Polishing D - suggestions and comments

Unknown W. Brackets unknown at simplemachines.org
Tue Jan 22 00:37:06 PST 2008


Well, I noticed that this is being done, which is great.  However, it's 
been done using http-equiv Refresh redirects.  This is not going to 
improve Google PageRanks.  Really those redirects need to be 301 results 
coming from Apache.

Easiest way to do this is with an .htaccess file or in httpd.conf.  It 
can be done with Redirect or RewriteEngine/RewriteRule.  Here's an example:

RewriteRule ^d/(phobos/.*)$ d/2.0/$1 [NS,L,R=301]
RewriteRule ^d/([^/]+\.html$ d/2.0/$1 [NS,L,R=301]

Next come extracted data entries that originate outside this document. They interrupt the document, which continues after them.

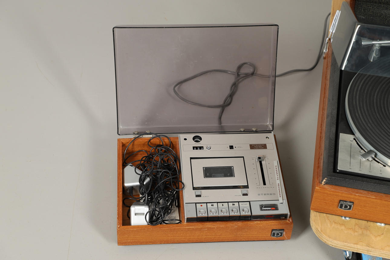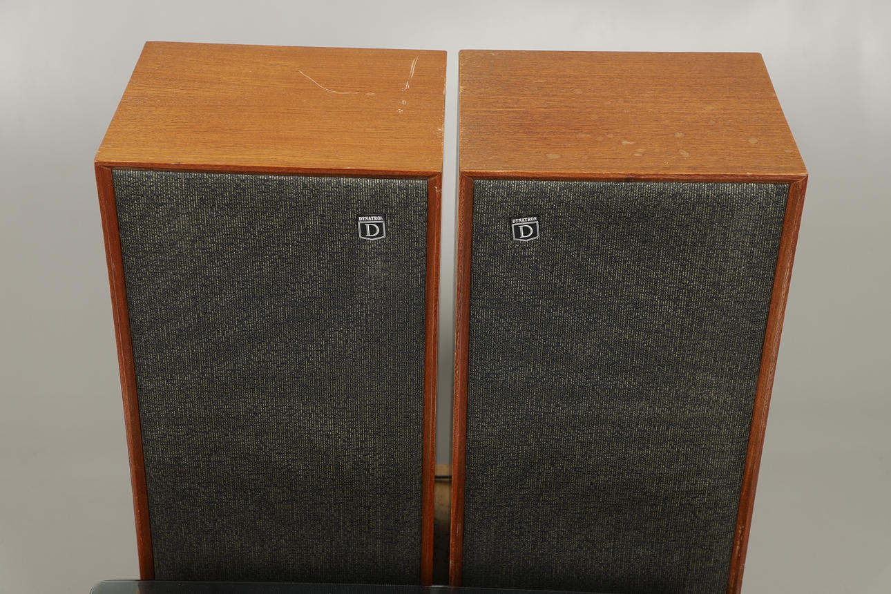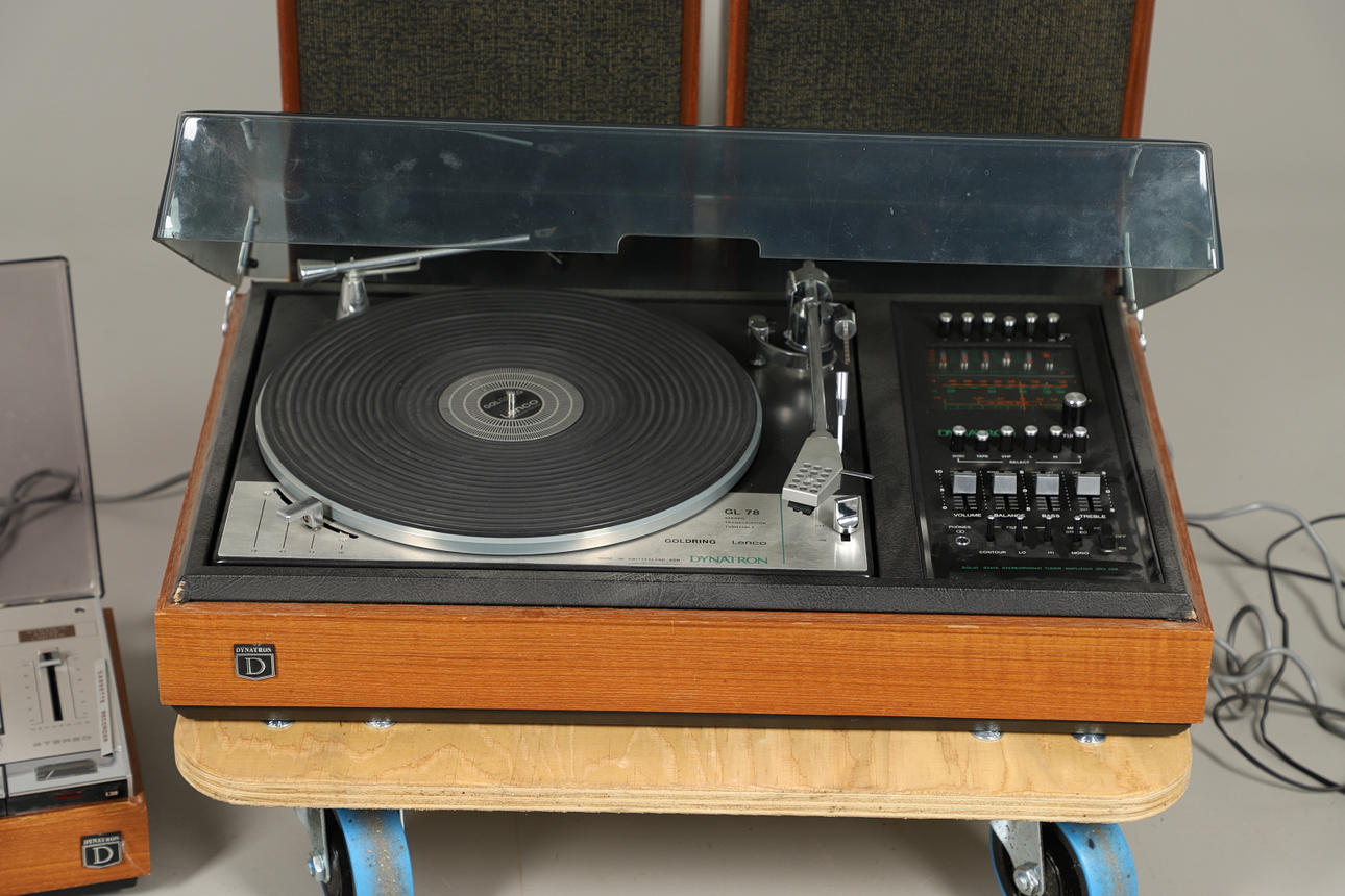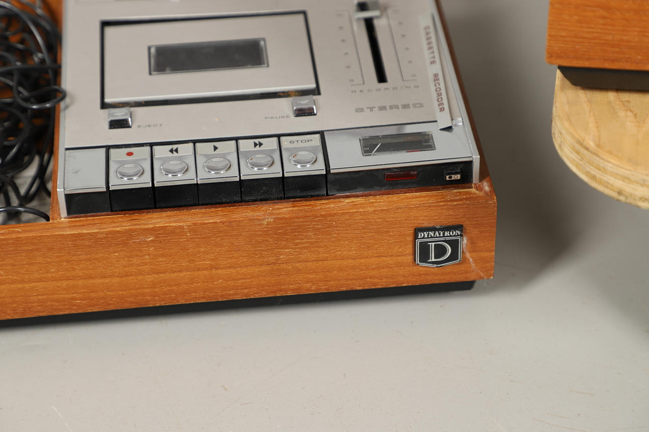 3096561. A DYNATRON GL 78 STEREO TRANSCRIPTION TURNTABLE & SRX 29B SOLID STATE TUNER/AMPLIFIER IN TEAK CASE, A MODEL C.P.I. CASSETTE RECORDER, AND A PAIR OF LS3038 LOUDSPEAKERS.
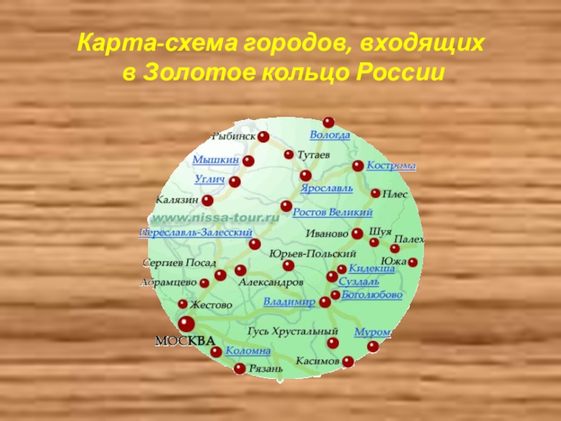 Слайд 3Карта-схема городов, входящих в Золотое кольцо России
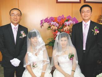 臺南縣沈威廷(左)、沈威志(右)雙胞胎兄弟昨天同日娶妻,親友們包一個紅包喝兩對新人喜酒,紛祝兩人明年都生“雙生”。
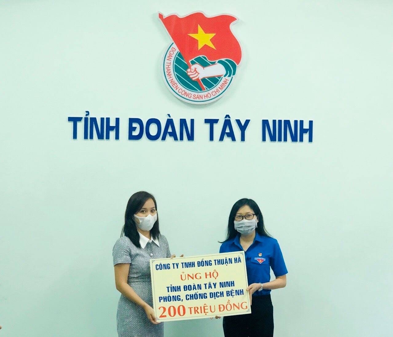 Chiều 23.3, Tỉnh Đoàn Tây Ninh tiếp nhận số tiền 200 triệu đồng từ Công ty TNHH Đồng Thuận Hà (phường 3, thành phố Tây Ninh) hỗ trợ thực hiện các hoạt động phòng chống dịch Covid-19 của tuổi trẻ tỉnh nhà.
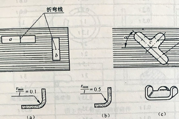 板料纖維與彎曲的關(guān)系3板料邊緣及表面狀態(tài)。彎曲件的壞料多用剪床下料或沖模落料方法制備,壞料邊緣有冷作硬化、毛刺,表面常有劃傷等缺陷。彎曲時,這些缺陷受拉應(yīng)力作用會引起應(yīng)力集中而導致破裂因此,彎曲前應(yīng)將毛刺和缺陷去除,彎曲時應(yīng)將有毛刺的邊緣放在彎曲區(qū)內(nèi)側(cè),使其受壓,避免彎裂,從而使最小相對彎曲半徑減小一些。
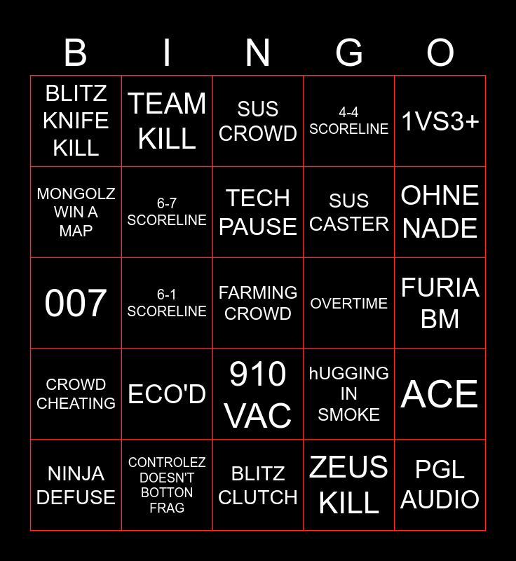 This bingo card has a free space and 24 words: ECO'D, CONTROLEZ DOESN'T BOTTON FRAG, TECH PAUSE, NINJA DEFUSE, 1VS3+, BLITZ KNIFE KILL, MONGOLZ WIN A MAP, TEAM KILL, OVERTIME, 910 VAC, SUS CASTER, 007, hUGGING IN SMOKE, ACE, 6-7 SCORELINE, ZEUS KILL, FURIA BM, SUS CROWD, OHNE NADE, 6-1 SCORELINE, PGL AUDIO, CROWD CHEATING, 4-4 SCORELINE and BLITZ CLUTCH.
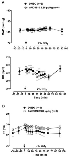 2.3. Effect of Intraperitoneal Injection of AMG9810 on , MAP, HR and Tb in Normocapnic and Hypercapnic Conditions

Or something similar.  Just my suggestion to maintain as much ranking 
and relevance for current pages as possible.

-[Unknown]


Unknown W. Brackets wrote:
> Aha, I thought that was somewhere... but couldn't find it.  I touched on this briefly.  It also represents problems as far as SEO (something that could be improved on D's pages.)
> 
> For example, the fact that these two, entirely separate in Google's eyes, URLs work is bad:
> 
> http://www.digitalmars.com/d/changelog.html
> http://digitalmars.com/d/changelog.html
> 
> In addition, really, all the pages within d/ should 301 redirect to 2.0/ so that 1.0 and 2.0 are each present in their pages' URLs.  This would make searching for documentation on a specific tree simpler and most likely improve relevancy.
> 
> But, this is more specific than I really wanted to get with the website's needs.  The important thing is making the decision to get the changes done, and taking the time to review who to work with on it.  Maybe an internal team of volunteers, maybe an outside agency.  This can't happen until responsibility is better dispersed...
> 
> As a side note, I work for a web company, and we use PHP primarily - which language I do like.  But it would be cool to see D eat its own dogfood here, and host the website on its own, lightweight webserver with D-coded dynamic pages.  This wouldn't be hard to write at all, and would really show the versatility of D (as well as efficiency, assuming it handled load well.)  Maybe not practically the best, though.
> 
> -[Unknown]
> 
> 
> Bill Baxter Wrote:
>> In terms of functionality, making the user-comments in-line would be a 
>> big help.  Most people don't notice the "comments" button at the top of 
>> each doc page, and obviously the comments on those external pages don't 
>> show up when you do a Ctrl-F find-on-page search.